A couple of weeks ago I happened to read this lovely post by Eyoki that talked about the books that were present in his home when he grew up. Sian’s blog also has a number of intelligent and intriguing posts about the books she grew up with, which are well worth a read, or particular note (for me) being this recent one about graphic novels.
Books influence us in many ways, of that there is no doubt, be they fiction or non-fiction. They can inspire and/or enrage us, leave us warm and cosy or thoughtful and melancholic. They can, and will, evoke a range of emotions in us that, often unknowingly, will echo down through the rest of our lives, influencing and colouring our thinking and the decisions made.
I love books and find brilliant ones every day (okay, every week or so, ish). And they do evoke emotion and thought and do stimulate me in different ways, reinforcing or reshaping the way I think and feel with great subtlety. There are, however, a few books that resonate on a deeper level, that make me think and ponder anew every day.

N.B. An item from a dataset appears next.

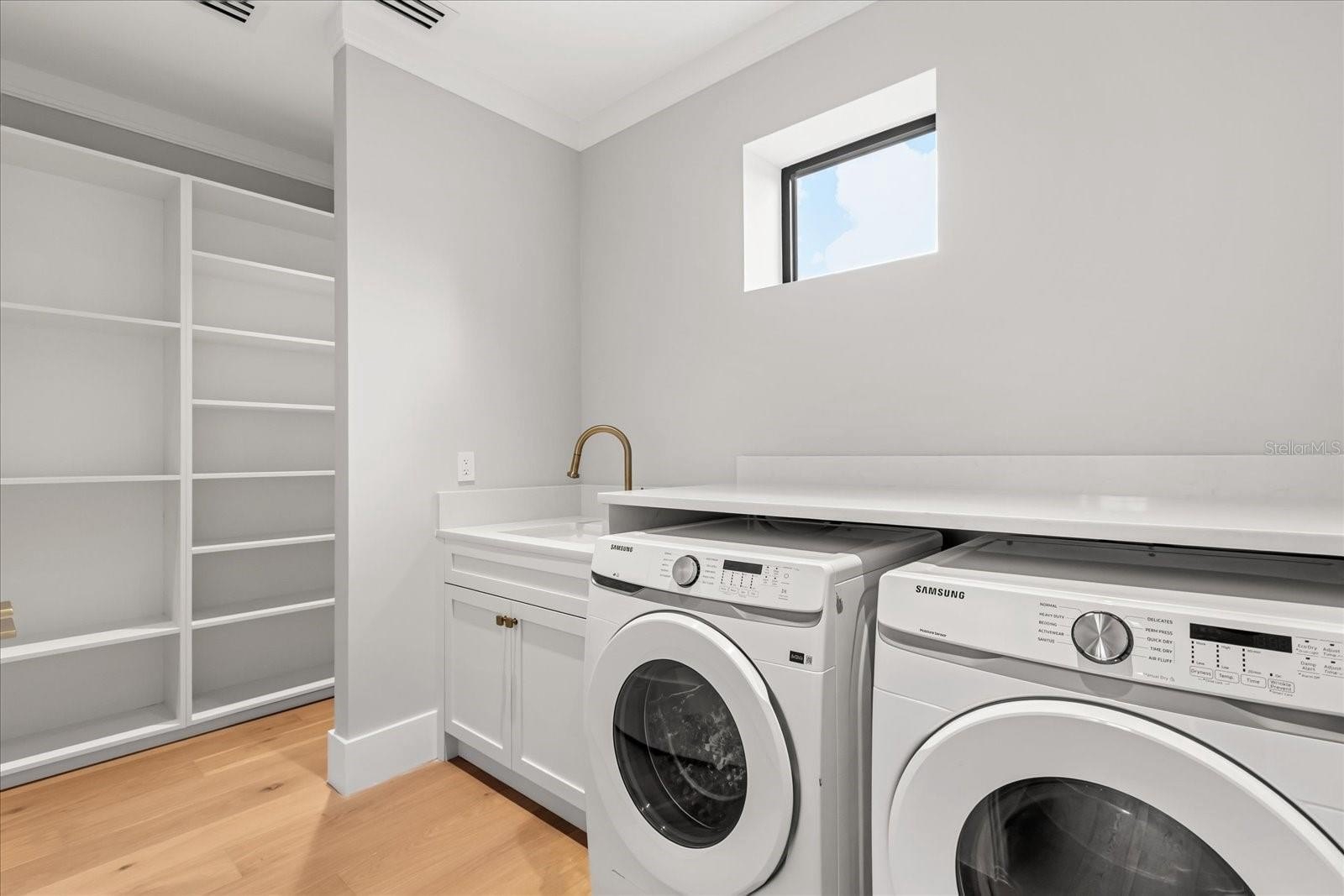 Upstairs, an oversized loft provides flexible space ideal for a media room, secondary lounge, or study. Four generously sized en-suite bedrooms, each with built in walk-in closets, a full a upstairs laundry room with Samsung front-load washer and dryer and a large storage area featuring custom shelving and storage.

Tanith Lee’s Night’s Master has long been one of those books. Short, it is effectively a collection of linked fantastical fairy-tales, set in an other worldy place not so removed from our own. With intense and yet somehow sparse prose, the stories are beautifully written, and in the tradition of fairytales they deliver a heady mix of the cruelty and bliss both, playful and brutal in equal measures. In here are the roots of much of my writing, and Lee’s prose is full of dark beauty, distinctive and telling. It is a book about morals and lessons and the savage nature of the semi-mythological world of gods and demons that lies alongside our own, matched only by the cruel necessity of the humanity that exists inside it. It taught me, at the most basic level, that we are ever intertwined with our tales and myths, shaped by the powerful ideas that sit at their heart, and that they, in turn, are shaped by us.

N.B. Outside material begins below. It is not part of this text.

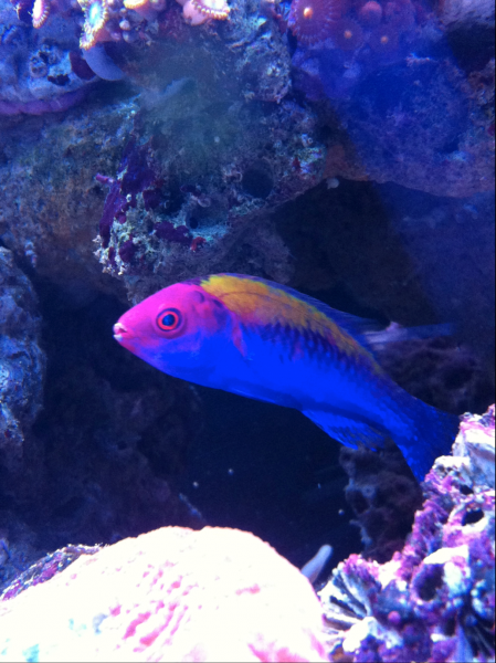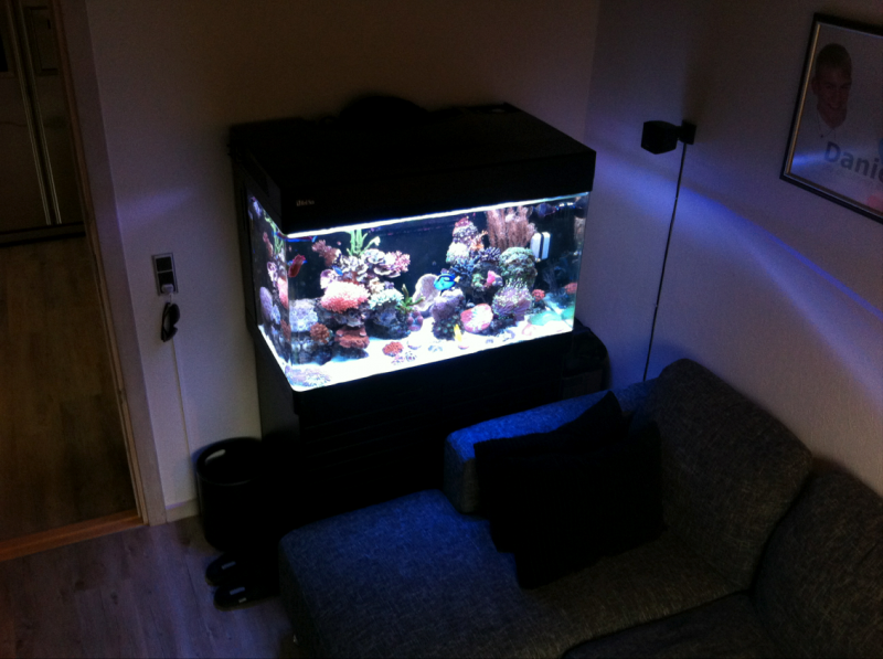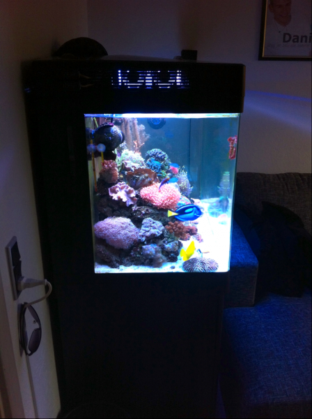 Jeg har haft akvarium i 5 år. Mit første akvarium var 45 liter, og der havde jeg en fed slørhale til at tulle rundt. Der gik et år, og da en ven til mine forældre skulle af med et 250 liters Aquastabil slog jeg til. I dette akvarium havde jeg en masse malawicichlider, og 2 år efter købte jeg mit første saltvandsakvarium. Det var et Aqua Medic Blenny, som jeg fik en god pris på nede ved Janus i Tropeland. Han guidede mig igennem opstarten og henviste til saltvandsforum, hvor han mente, at jeg skulle læse en masse, inden jeg overhovedet tænkte på at komme fisk i! Jeg fik snøvlet mig igennem en længere opstart, og akvariet begyndte at køre godt med en Chrysiptera (svensker) og et par Ocellaris. 1 år efter havde jeg overtalt mine forældre til, at det var tid til at opgradere til mit nuværende RSM 250, der har kørt omkring 11 måneder nu.

CJ Cherryh’s Book of the Faded Sun is science fiction at its best. She has ever been wonderful at realising and emphasising the nature and psychology of the alien, making it accessible and understandable despite its other-worldliness. The mri are a race of castes, and the book is about the last of them, fleeing across the universe, accompanied by a solitary human. This is the crux and heart of the story, the tension between two different species, between psychology and culture and nature, contrasting the malleability of humanity against the rigidity of the archaic, anachronistic mri culture. It is here that we begin to see the elegance and freedom of such unforgiving, unrelenting adherence to caste and structure. In the mri nature, culture, biology and psychology have evolved to a singular complete point, diamond hard and immovable, where each individual has their place, integral and relevant and justifiable by the simple fact of it. It is this evocation, this tension, this gap between two different and opposed mindsets that echoes out, reminding me constantly that everything has a place, no matter what my views; that mine is not the only right and wrong.

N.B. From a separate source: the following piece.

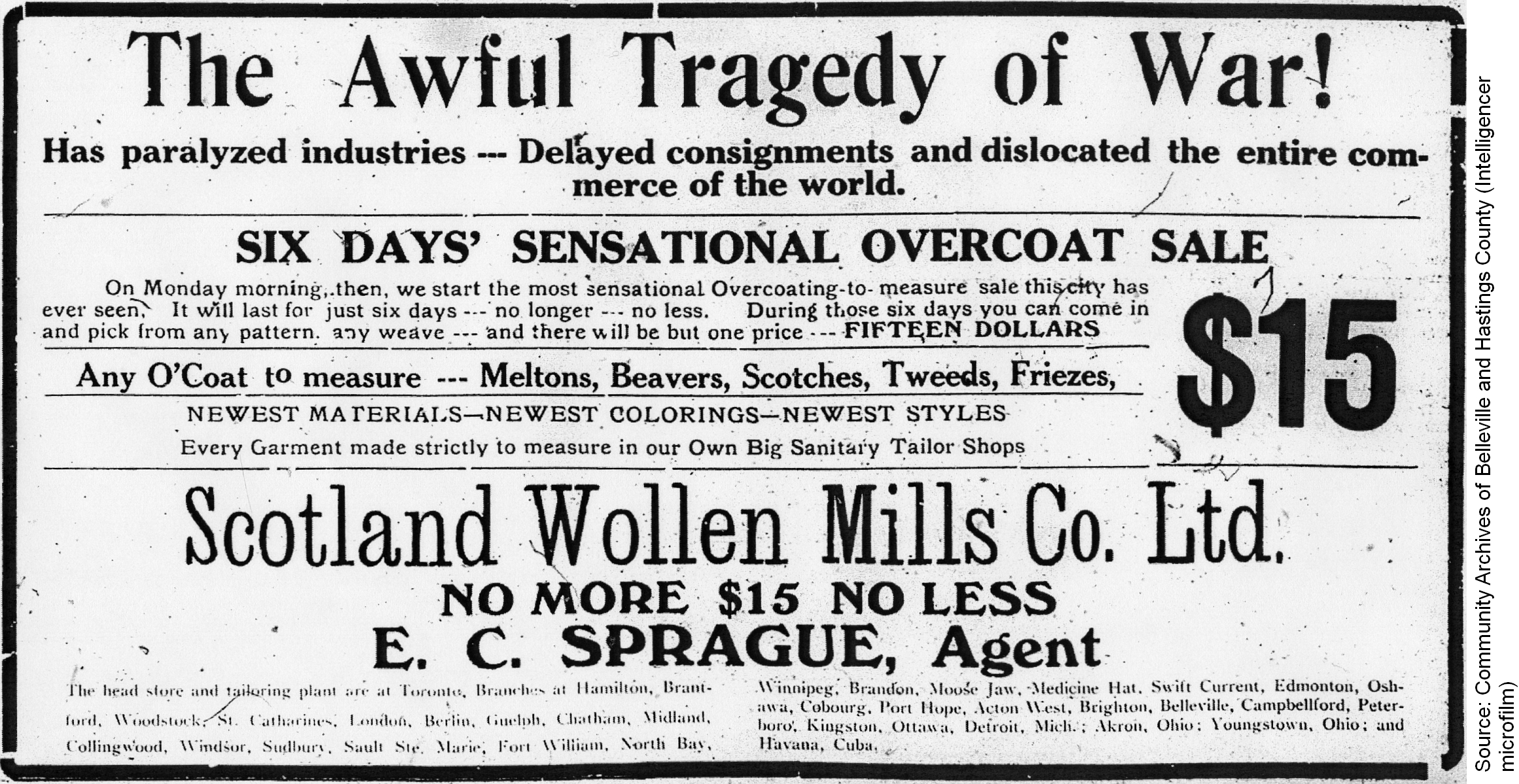 “The Awful Tragedy of War! Has paralyzed industries — Delayed consignments and dislocated the entire commerce of the world. Six Days’ Sensational Overcoat Sale. Any O’Coat to measure — Meltons, Beavers, Scotches, Tweeds, Friezes. Scotland Woollen Mills Co. Ltd. No More $15 No Less. E.C. Sprague, Agent.”

Reach for the Sky, the story of the Battle of Britain fighter pilot Douglas Bader, inspired in me the heroic ideal of derring-do and battling against the odds, reflections of which I have long since sought to emulate in the stories I write and the tales I dream. Bader represented the best of what it was meant to be British, stoic, skilled, fighting with flair and leadership, despite having lost both legs and eventual incarceration in a PoW camp. Heady stuff for a young boy.
Ted Hughes’ Crow remains a powerful influence on me, containing a near perfect evocation of such mythological and primal life force as to be contained by the written or spoken word. Deep and dark and inventive Hughes reflects back on us the urges and desires of our race, hints at a multitude of hidden secrets and layers and meanings. It has forever lain over my eyes and imagination a veneer of what may be; the mundane can indeed be interpreted in the most profound and ridiculous and primeval of ways.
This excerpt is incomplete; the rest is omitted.